Scientific classification
- Kingdom: Animalia
- Phylum: Chordata
- Class: Mammalia
- Order: Rodentia
- Family: Sciuridae
- Genus: Neotamias
- Species: N. siskiyou
- Binomial name: Neotamias siskiyou (A. H. Howell, 1922)
- Synonyms: Tamias siskiyou A. H. Howell, 1922

= Siskiyou chipmunk =

- Genus: Neotamias
- Species: siskiyou
- Authority: (A. H. Howell, 1922)
- Conservation status: LC
- Synonyms: Tamias siskiyou A. H. Howell, 1922

Species of rodent

The Siskiyou chipmunk (Neotamias siskiyou) is a species of rodent in the family Sciuridae. It is endemic to northern California and central Oregon in the United States.

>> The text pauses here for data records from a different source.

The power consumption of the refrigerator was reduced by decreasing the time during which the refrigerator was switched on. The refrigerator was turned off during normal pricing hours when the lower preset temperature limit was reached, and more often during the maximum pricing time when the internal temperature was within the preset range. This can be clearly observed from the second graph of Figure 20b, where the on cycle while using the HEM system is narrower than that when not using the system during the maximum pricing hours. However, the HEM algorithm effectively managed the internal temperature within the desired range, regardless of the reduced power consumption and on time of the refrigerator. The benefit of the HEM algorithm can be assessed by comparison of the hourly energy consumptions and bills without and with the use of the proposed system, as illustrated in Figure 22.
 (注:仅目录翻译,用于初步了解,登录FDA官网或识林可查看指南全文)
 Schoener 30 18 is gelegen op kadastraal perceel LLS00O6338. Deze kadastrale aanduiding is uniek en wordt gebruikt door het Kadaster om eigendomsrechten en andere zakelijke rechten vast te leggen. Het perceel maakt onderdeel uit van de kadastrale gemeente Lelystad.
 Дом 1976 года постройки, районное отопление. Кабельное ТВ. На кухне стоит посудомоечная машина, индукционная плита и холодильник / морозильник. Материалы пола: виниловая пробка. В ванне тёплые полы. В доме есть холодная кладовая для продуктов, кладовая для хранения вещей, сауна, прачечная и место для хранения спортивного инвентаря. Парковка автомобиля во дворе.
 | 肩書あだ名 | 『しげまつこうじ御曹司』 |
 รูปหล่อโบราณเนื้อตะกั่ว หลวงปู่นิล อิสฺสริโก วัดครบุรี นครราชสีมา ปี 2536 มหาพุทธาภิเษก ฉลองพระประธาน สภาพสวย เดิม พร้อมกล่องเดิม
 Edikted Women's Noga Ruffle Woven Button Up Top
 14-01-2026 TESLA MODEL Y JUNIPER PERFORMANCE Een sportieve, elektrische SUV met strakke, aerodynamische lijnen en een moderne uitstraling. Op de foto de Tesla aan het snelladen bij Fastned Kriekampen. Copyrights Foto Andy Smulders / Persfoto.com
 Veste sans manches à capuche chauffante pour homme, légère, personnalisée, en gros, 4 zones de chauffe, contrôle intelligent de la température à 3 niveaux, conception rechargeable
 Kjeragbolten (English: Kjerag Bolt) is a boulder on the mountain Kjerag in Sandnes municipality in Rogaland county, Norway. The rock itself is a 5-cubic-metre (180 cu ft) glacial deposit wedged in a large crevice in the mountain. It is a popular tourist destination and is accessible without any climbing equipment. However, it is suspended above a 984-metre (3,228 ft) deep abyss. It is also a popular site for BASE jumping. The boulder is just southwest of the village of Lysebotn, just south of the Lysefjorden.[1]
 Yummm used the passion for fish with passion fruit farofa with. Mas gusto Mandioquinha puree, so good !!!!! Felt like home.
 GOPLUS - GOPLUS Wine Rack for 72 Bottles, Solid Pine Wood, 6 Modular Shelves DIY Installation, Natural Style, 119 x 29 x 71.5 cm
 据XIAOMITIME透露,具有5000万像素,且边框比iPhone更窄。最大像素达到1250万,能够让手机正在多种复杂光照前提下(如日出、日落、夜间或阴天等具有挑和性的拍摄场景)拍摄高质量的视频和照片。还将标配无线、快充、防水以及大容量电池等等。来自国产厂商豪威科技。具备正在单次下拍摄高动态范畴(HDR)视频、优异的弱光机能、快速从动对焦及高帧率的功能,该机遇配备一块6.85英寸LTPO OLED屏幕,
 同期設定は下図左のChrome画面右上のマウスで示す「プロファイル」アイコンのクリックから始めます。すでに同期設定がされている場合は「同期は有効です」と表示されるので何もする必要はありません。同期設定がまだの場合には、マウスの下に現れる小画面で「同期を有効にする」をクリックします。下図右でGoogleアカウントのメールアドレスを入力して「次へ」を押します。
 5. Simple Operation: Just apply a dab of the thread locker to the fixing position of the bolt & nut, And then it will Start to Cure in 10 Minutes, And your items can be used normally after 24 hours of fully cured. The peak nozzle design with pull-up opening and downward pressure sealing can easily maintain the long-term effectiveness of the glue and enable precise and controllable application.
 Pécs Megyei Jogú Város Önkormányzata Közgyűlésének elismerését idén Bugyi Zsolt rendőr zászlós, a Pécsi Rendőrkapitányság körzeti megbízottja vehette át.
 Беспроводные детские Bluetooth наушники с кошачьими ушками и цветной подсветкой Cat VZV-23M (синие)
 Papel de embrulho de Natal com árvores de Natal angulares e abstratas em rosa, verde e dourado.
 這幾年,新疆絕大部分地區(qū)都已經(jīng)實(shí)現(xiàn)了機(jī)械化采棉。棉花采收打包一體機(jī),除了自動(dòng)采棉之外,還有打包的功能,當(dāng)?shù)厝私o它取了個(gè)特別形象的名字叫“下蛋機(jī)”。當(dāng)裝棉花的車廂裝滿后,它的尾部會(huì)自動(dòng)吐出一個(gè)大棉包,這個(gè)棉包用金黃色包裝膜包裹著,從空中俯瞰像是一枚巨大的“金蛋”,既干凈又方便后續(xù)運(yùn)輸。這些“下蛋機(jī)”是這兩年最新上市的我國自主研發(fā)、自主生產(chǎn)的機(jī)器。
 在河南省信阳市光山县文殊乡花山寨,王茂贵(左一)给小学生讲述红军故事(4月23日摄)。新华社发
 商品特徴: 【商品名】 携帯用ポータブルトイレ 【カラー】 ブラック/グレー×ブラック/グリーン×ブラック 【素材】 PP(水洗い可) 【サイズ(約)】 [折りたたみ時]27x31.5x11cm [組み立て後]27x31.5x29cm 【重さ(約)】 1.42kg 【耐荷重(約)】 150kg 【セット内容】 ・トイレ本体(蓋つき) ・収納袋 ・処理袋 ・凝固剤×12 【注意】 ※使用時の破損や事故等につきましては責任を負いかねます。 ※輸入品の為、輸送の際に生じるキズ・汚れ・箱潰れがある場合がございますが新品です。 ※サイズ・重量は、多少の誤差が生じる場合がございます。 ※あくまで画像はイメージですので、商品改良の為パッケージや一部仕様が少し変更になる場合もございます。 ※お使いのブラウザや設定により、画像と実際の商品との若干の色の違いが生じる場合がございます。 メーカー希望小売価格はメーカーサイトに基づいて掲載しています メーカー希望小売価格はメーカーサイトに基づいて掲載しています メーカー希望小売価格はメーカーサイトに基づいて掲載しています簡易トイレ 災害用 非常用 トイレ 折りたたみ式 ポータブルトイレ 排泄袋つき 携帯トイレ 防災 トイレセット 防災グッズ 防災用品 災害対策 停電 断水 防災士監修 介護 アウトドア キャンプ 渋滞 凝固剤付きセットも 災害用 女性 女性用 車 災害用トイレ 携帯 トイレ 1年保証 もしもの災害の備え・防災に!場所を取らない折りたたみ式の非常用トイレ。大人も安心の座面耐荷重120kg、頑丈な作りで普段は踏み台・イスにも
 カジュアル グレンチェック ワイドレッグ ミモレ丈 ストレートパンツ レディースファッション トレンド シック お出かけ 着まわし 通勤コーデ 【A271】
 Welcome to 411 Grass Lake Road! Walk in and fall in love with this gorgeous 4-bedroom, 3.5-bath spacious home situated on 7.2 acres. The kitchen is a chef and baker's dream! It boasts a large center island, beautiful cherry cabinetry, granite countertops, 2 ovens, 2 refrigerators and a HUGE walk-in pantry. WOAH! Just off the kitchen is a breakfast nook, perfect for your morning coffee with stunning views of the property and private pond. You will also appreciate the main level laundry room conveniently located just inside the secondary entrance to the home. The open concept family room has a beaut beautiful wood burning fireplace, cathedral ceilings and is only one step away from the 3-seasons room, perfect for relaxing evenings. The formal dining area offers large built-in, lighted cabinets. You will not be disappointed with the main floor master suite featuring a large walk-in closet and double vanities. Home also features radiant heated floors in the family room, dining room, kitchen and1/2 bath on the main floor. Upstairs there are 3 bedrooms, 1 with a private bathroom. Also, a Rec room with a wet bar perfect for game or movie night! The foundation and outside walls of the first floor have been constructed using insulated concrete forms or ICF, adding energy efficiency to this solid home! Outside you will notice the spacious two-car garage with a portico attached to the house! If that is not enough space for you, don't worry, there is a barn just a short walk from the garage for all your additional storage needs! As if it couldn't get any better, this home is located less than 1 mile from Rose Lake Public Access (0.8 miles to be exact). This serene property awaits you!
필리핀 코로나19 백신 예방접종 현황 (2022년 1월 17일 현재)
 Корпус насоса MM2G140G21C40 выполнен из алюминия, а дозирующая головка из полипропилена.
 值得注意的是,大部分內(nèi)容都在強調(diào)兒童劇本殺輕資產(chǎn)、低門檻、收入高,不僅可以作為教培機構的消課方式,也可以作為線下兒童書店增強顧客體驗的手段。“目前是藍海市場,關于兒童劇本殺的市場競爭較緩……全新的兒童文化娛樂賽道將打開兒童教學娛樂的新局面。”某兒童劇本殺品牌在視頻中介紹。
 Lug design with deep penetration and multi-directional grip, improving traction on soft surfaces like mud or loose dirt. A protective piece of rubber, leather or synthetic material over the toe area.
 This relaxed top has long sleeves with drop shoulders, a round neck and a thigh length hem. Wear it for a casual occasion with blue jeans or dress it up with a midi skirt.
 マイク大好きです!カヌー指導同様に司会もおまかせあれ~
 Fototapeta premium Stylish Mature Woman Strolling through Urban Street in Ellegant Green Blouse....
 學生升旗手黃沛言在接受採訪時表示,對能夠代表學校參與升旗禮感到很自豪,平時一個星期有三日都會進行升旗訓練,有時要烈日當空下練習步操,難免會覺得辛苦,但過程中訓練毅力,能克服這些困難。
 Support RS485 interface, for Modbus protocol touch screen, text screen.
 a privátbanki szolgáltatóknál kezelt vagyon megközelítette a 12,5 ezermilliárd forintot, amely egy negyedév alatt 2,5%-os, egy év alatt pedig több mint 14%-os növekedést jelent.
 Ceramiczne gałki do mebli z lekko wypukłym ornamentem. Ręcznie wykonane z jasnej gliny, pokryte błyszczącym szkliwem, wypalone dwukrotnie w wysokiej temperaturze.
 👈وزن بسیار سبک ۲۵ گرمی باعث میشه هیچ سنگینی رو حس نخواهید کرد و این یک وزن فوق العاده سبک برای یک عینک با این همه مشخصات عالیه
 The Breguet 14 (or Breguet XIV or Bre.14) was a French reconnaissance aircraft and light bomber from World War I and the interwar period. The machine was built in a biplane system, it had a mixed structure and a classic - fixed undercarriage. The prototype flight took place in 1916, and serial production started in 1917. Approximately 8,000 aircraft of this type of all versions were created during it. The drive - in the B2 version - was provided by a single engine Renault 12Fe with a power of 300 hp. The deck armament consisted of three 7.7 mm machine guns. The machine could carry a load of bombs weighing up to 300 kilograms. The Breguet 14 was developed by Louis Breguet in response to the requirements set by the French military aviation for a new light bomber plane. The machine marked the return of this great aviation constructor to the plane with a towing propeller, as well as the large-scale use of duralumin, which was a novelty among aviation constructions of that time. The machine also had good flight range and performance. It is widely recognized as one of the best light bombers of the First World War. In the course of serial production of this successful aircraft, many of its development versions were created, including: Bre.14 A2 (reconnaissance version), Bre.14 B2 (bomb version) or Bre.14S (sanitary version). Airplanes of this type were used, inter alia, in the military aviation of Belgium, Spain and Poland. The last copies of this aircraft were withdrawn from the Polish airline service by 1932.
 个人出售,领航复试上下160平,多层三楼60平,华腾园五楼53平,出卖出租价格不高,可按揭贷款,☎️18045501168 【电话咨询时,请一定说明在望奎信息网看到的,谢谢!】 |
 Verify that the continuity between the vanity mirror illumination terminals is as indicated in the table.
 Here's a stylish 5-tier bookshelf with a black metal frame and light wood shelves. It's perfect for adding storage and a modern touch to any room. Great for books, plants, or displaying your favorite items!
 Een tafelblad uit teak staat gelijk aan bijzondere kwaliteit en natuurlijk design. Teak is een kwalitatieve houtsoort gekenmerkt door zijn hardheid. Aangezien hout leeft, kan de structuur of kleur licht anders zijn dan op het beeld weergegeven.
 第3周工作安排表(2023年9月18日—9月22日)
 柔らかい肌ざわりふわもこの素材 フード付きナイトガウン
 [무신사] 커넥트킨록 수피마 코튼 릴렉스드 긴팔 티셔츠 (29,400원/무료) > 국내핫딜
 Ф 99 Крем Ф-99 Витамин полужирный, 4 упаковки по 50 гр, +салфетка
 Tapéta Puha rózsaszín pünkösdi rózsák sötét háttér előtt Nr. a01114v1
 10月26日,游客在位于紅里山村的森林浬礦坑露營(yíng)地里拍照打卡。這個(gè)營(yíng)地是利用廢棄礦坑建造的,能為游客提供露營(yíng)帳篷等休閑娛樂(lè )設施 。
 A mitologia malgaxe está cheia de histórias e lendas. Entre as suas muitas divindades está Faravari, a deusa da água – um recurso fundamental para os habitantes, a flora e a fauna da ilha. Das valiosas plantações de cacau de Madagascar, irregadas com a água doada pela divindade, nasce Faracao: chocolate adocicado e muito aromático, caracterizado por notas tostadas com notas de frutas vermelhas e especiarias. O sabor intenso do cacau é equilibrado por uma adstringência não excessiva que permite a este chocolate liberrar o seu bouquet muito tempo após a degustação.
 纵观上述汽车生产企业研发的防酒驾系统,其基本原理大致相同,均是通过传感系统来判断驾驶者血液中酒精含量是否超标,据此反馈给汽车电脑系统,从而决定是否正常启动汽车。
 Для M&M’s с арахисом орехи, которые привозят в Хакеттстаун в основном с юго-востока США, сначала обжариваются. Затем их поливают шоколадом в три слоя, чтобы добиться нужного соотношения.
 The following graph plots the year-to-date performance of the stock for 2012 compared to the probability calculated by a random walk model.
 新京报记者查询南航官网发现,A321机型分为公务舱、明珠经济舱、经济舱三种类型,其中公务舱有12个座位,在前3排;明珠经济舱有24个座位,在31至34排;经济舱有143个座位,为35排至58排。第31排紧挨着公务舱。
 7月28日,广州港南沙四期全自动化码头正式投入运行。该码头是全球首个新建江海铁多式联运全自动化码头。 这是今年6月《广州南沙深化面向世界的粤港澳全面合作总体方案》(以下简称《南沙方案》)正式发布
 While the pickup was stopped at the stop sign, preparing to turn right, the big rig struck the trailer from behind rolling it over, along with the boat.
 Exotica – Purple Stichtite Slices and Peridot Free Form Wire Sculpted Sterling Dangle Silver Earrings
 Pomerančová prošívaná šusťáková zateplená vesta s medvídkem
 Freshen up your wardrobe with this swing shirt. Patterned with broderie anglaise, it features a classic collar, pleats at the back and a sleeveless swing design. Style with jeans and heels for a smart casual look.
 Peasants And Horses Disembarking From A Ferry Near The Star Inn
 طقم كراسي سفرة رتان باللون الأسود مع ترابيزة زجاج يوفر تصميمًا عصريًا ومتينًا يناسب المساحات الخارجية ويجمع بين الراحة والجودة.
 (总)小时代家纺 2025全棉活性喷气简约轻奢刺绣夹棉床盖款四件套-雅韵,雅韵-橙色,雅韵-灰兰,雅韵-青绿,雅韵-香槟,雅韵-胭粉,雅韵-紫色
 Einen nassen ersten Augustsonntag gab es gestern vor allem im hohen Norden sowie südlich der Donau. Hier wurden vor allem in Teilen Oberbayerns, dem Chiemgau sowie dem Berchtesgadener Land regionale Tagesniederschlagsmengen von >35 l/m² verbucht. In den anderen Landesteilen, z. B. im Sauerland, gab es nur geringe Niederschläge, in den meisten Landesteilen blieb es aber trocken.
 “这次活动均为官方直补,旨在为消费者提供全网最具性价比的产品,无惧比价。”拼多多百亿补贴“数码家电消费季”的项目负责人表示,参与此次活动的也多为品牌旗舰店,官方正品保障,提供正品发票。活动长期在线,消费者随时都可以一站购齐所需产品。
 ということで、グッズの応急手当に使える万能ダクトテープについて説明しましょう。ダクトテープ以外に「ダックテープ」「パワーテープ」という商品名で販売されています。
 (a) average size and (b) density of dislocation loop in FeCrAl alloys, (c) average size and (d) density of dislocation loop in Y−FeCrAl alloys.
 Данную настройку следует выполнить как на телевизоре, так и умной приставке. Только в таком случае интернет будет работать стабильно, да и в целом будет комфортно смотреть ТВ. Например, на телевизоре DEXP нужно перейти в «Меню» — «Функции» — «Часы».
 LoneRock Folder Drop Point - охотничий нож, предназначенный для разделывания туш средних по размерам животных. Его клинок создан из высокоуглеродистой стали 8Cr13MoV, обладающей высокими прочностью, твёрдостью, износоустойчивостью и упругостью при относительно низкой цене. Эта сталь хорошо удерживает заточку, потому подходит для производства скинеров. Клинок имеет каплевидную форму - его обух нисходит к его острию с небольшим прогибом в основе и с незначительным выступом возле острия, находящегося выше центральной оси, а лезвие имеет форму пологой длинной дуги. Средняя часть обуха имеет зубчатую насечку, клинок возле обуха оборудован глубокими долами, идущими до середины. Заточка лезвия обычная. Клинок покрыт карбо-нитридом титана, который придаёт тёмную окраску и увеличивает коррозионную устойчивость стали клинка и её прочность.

== Anatomy and morphology ==
The Siskiyou chipmunk is closest in appearance to Allen's chipmunk (Neotamias senex) and the yellow-cheeked chipmunk (Neotamias ochrogenys). Its coat is brown-gray, with a pattern of five dark brown and four gray stripes along its back; the central stripe tends to be blackish and darker in color compared to the other stripes. Additionally, Neotamias siskiyou have three brown and two gray stripes on each cheek. The specific appearance of the Siskiyou chipmunk varies due to the large geographic range the species inhabits, with larger and darker members found on the coasts compared to those found further inland.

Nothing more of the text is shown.